## Collected data

——

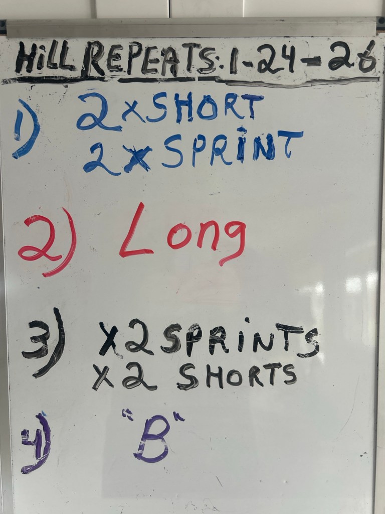 Danny/Ana: 2 x 150 (50) or 2 x 200 (2000 – 4 x 800 @5K pace (200 jog)…another 800 cool-down. Fewer reps due to your SF Marathon on 2/1/26…..( If you don’t end up running the half marathon on Sunday; run 14-15 miles)
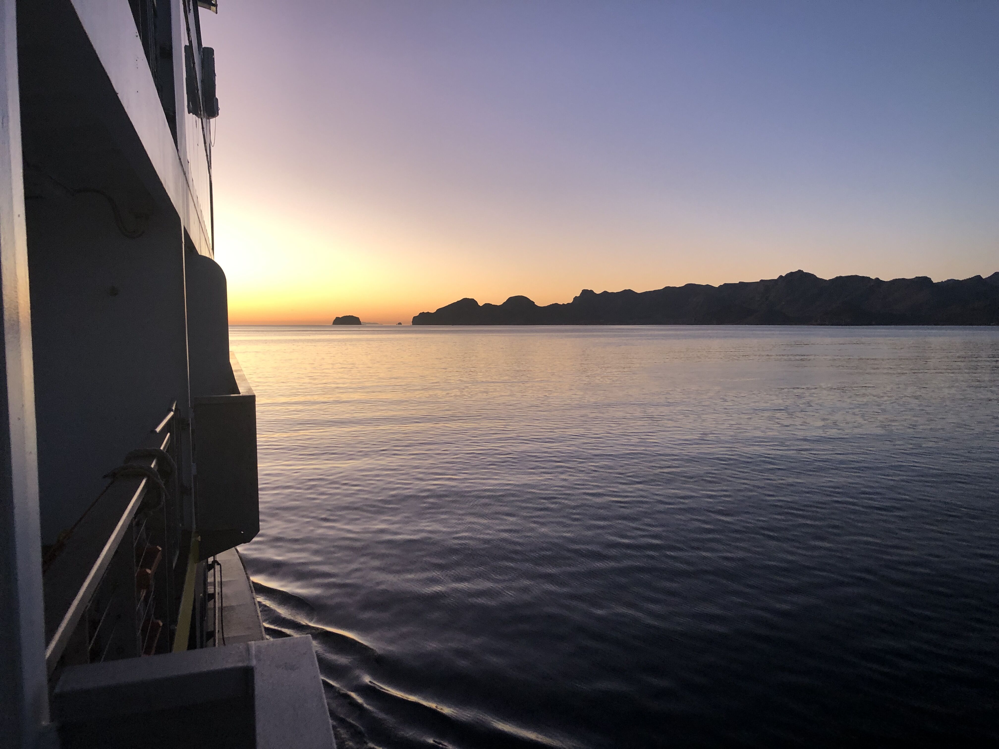 National Geographic Sea Lion remained at anchor near the middle of Isla Margarita. From this location we explored Bahia Almejas, one of three major coastal lagoons used by California grey whales as mating and birthing grounds.
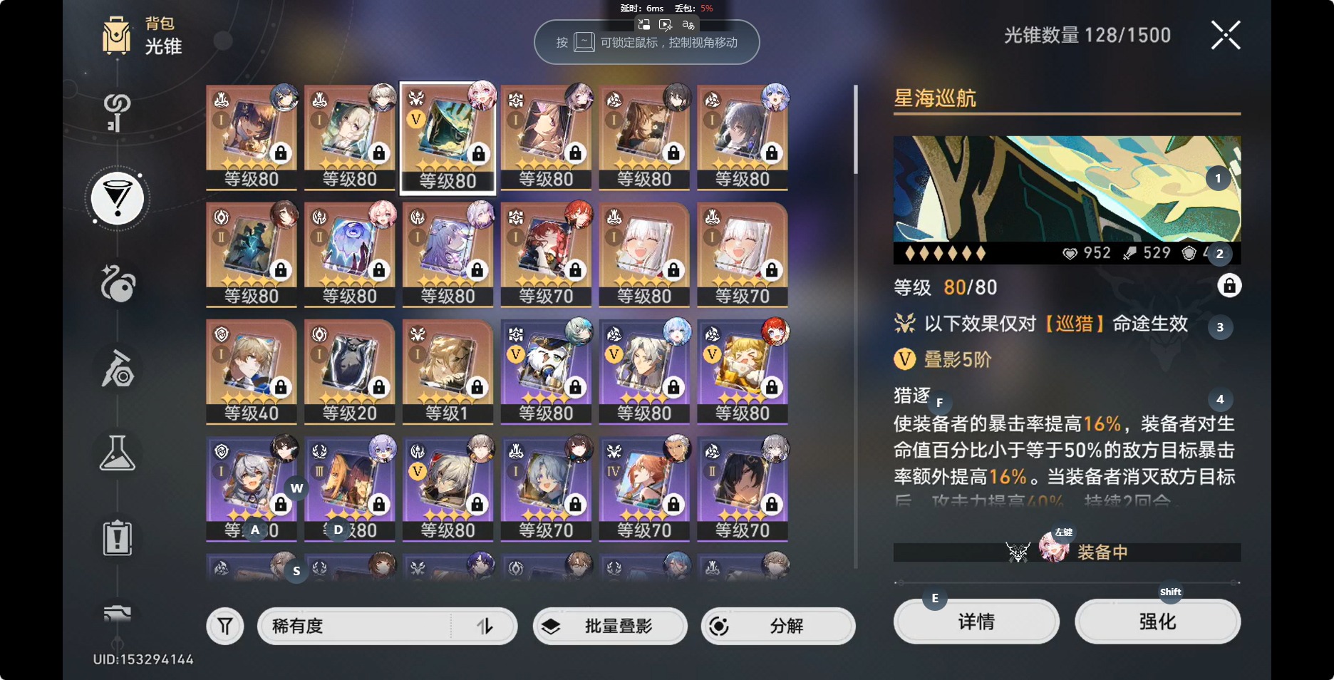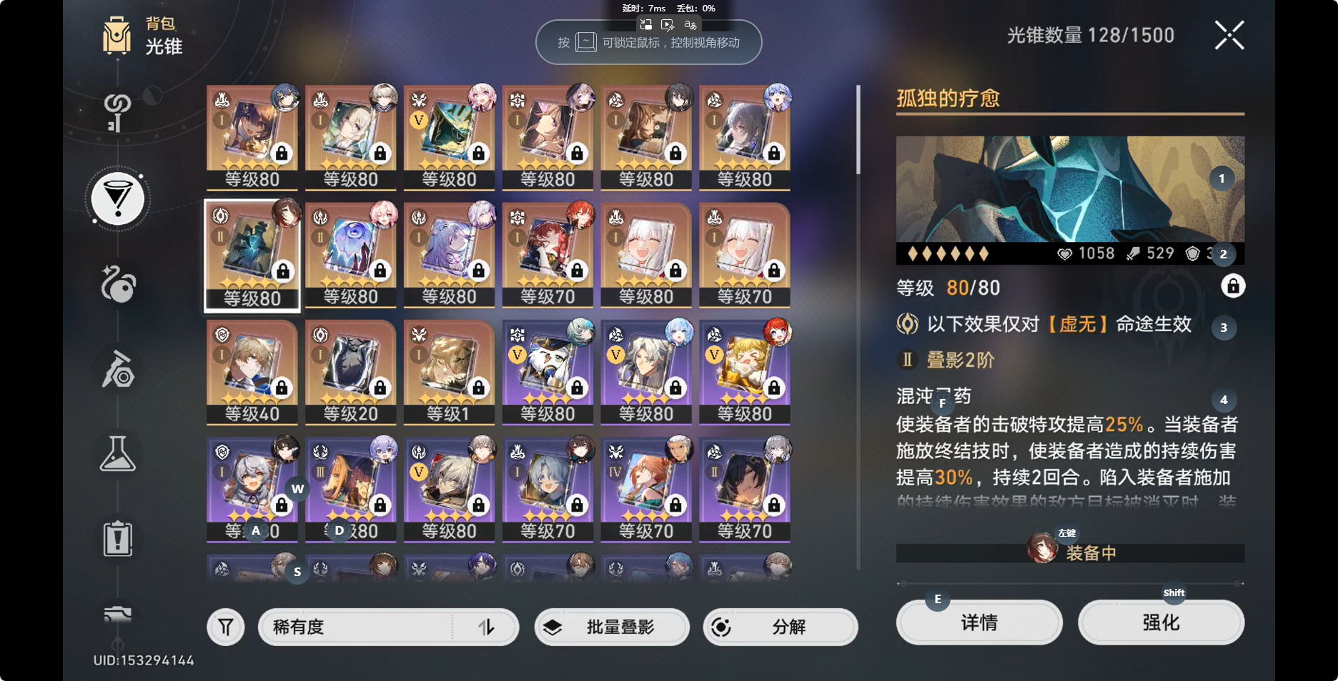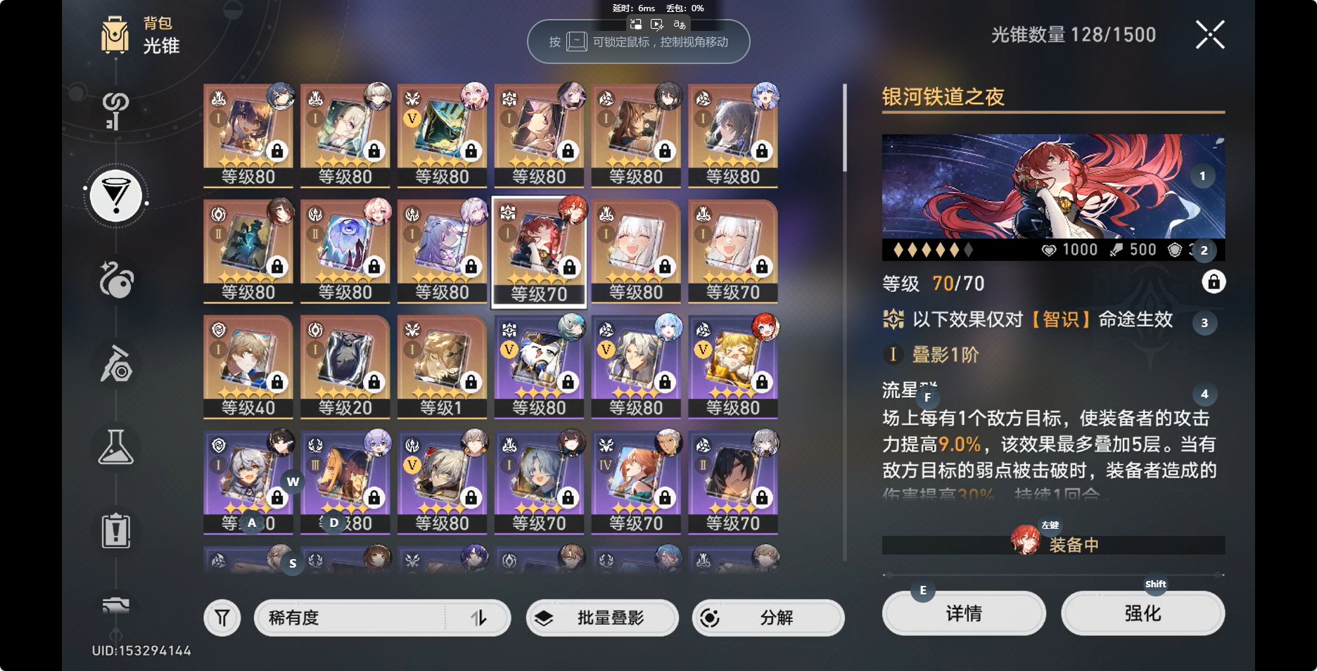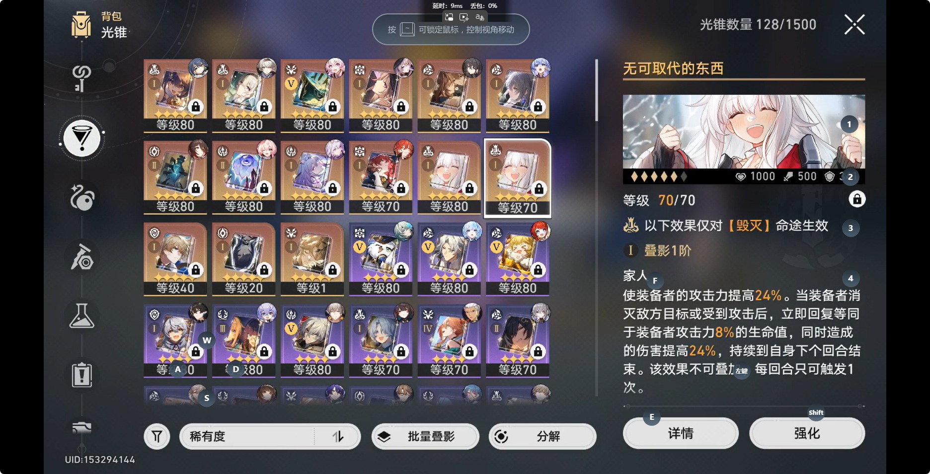 [14350191]【总黄数】:36 【3命金色角色】:3命白露 【2命金色角色】:2命布洛妮娅 【1命金色角色】:1命缇宝1命流萤1命瓦尔特1命阮•梅 【0命金色角色】:0命灵砂0命云璃0命忘归人0命大黑塔0命遐蝶0命那刻夏0命风堇0命archer0命刻律德菈0命丹恒·腾荒0命彦卿0命姬子0命克拉拉0命杰帕德0命知更鸟0命真理医生0命花火 【精5武器】:精5星海巡航 【精2武器】:精2孤独的疗愈 【精1武器】:精1落日时起舞精1向着不可追问处精1让告别,更美一些精1梦应归于何处精1如泥酣眠精1制胜的瞬间精1但战斗还未结束精1无可取代的东西精1银河铁道之夜精1镜中故我精1行于流逝的岸

——

## Task prompt
With the pictures set aside, return each line of the listing exactly as given.

## Response to the task
 Danny/Ana: 2 x 150 (50) or 2 x 200 (2000 – 4 x 800 @5K pace (200 jog)…another 800 cool-down. Fewer reps due to your SF Marathon on 2/1/26…..( If you don’t end up running the half marathon on Sunday; run 14-15 miles)
 National Geographic Sea Lion remained at anchor near the middle of Isla Margarita. From this location we explored Bahia Almejas, one of three major coastal lagoons used by California grey whales as mating and birthing grounds.
 [14350191]【总黄数】:36 【3命金色角色】:3命白露 【2命金色角色】:2命布洛妮娅 【1命金色角色】:1命缇宝1命流萤1命瓦尔特1命阮•梅 【0命金色角色】:0命灵砂0命云璃0命忘归人0命大黑塔0命遐蝶0命那刻夏0命风堇0命archer0命刻律德菈0命丹恒·腾荒0命彦卿0命姬子0命克拉拉0命杰帕德0命知更鸟0命真理医生0命花火 【精5武器】:精5星海巡航 【精2武器】:精2孤独的疗愈 【精1武器】:精1落日时起舞精1向着不可追问处精1让告别,更美一些精1梦应归于何处精1如泥酣眠精1制胜的瞬间精1但战斗还未结束精1无可取代的东西精1银河铁道之夜精1镜中故我精1行于流逝的岸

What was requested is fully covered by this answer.